Benchmarking Performance of History vs. Timeseries Files with ecgtools, Intake-ESM, and Dask#

In this example, we will look at how long reading data from the Community Earth System Model (CESM), applying calculations, and visualizing the output takes using the following packages:

We are going to investigate whether it is faster to do these operations on the history files output by the model or on time series files that have been generated from the history files. Our hypothesis is that performance should be substantially better when reading from timeseries files, but let’s take a look…

We use CESM data on the GLADE filesystem, from a case which includes both history and timeseries files on disk.

Imports#

Installing packages via conda-forge#

As of this week, ecgtools is available via conda-forge, which is very exciting!

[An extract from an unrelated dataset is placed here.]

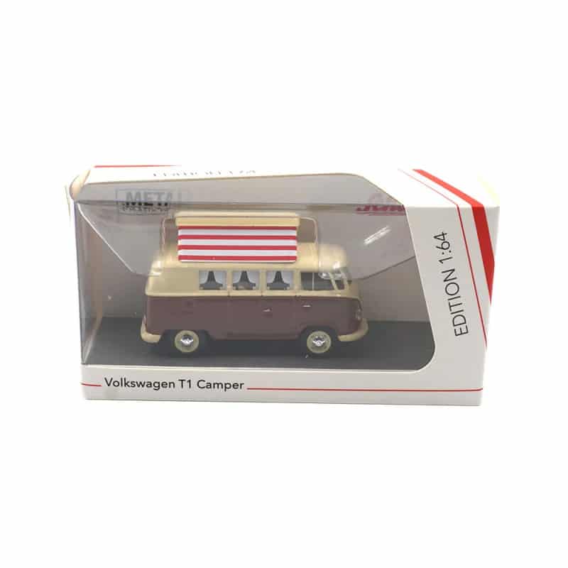 Volkswagen T1 Camper-keräilyajoneuvo nyt mini koossa! Metallisessa minibussissa on autenttiset yksityiskohdat, muovisia osia ja liikkuvat pyörät.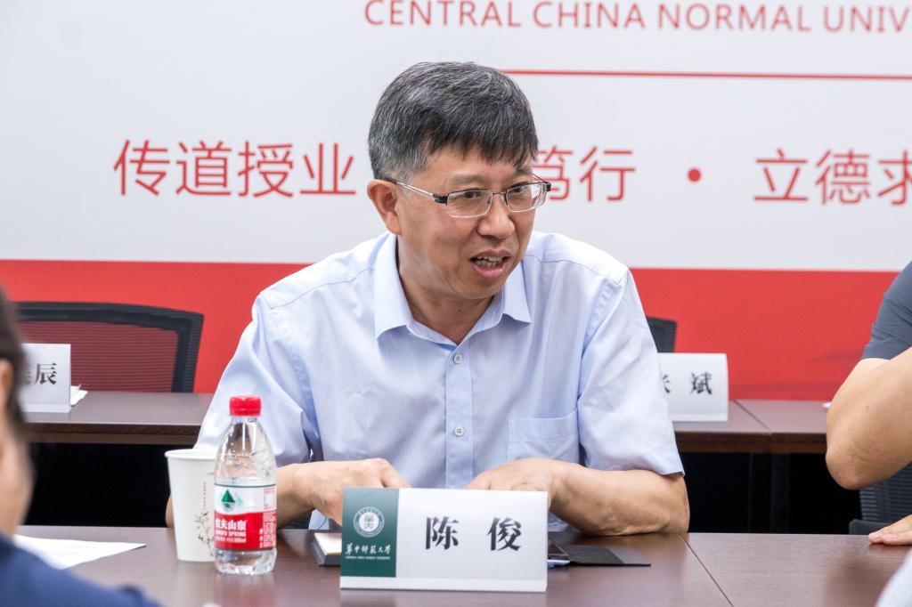 汉江师范学院陈俊副校长希望华中师范大学在教育学科提质、青年教师提升、学生素质发展、教学资源开发等方面给予大力支持,并就此提出了具体的合作思路与实施措施,最后陈校长对华中师范大学一如既往的关心支持表达了感谢,他希望在“协同提质计划”实施中两校有更多的学生交换,人员交流,情感交融和文化交汇,共同促进乡村教师队伍建设与乡村振兴。

You can install the packages used here using the following:

conda install -c conda-forge ecgtools ncar-jobqueue distributed intake-esm pandas

We will also install hvPlot to help with visualization, installing from the pyviz channel!

conda install -c pyviz hvplot
import ast
import time
import warnings

warnings.filterwarnings("ignore")

import holoviews as hv
import hvplot
import hvplot.pandas
import intake
import pandas as pd
from dask.distributed import performance_report
from distributed import Client
from ecgtools import Builder
from ecgtools.parsers.cesm import parse_cesm_history, parse_cesm_timeseries
from IPython.core.display import HTML
from ncar_jobqueue import NCARCluster

hv.extension('bokeh')